Keyboard shortcuts

Press or to navigate between chapters

Press S or / to search in the book

Press ? to show this help

Press Esc to hide this help

Goroutines

The Trade-off

Let me set expectations: goroutines on Dreamcast work, but differently than on modern hardware.

You get zero parallelism (single CPU), but you get everything else: clean concurrency primitives, channels, and code that feels like Go.

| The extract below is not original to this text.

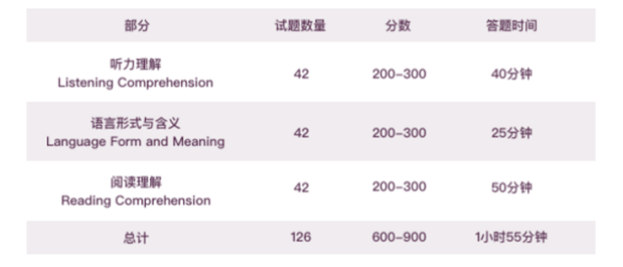 小托福的考试形式是纸+笔考试,共分为三大部分:听力、语言形式及含义、阅读理解。每部分包含42道选择题,共126道题目。考试时长为110分钟,考试分数为600-900分。

Here’s the thing. Goroutines shine when you have multiple CPU cores:

Modern PC (8 cores):
────────────────────────────────────────────────────────────
Core 1: [──────goroutine A──────]
Core 2: [──────goroutine B──────]
Core 3: [──────goroutine C──────]
Core 4: [──────goroutine D──────]
...
        ↑
        All running SIMULTANEOUSLY
        4x faster than running them one-by-one!

But Dreamcast?

Dreamcast (1 core):
────────────────────────────────────────────────────────────
CPU:    [───A───][───B───][───A───][───C───][───B───]...
        ↑
        Only ONE runs at a time
        ZERO parallelism benefit

So why did libgodc implements them?


Why Bother?

Because Go without goroutines isn’t Go.

Imagine porting Python to a machine without lists. Or JavaScript without callbacks. You could do it, but would it feel like the same language?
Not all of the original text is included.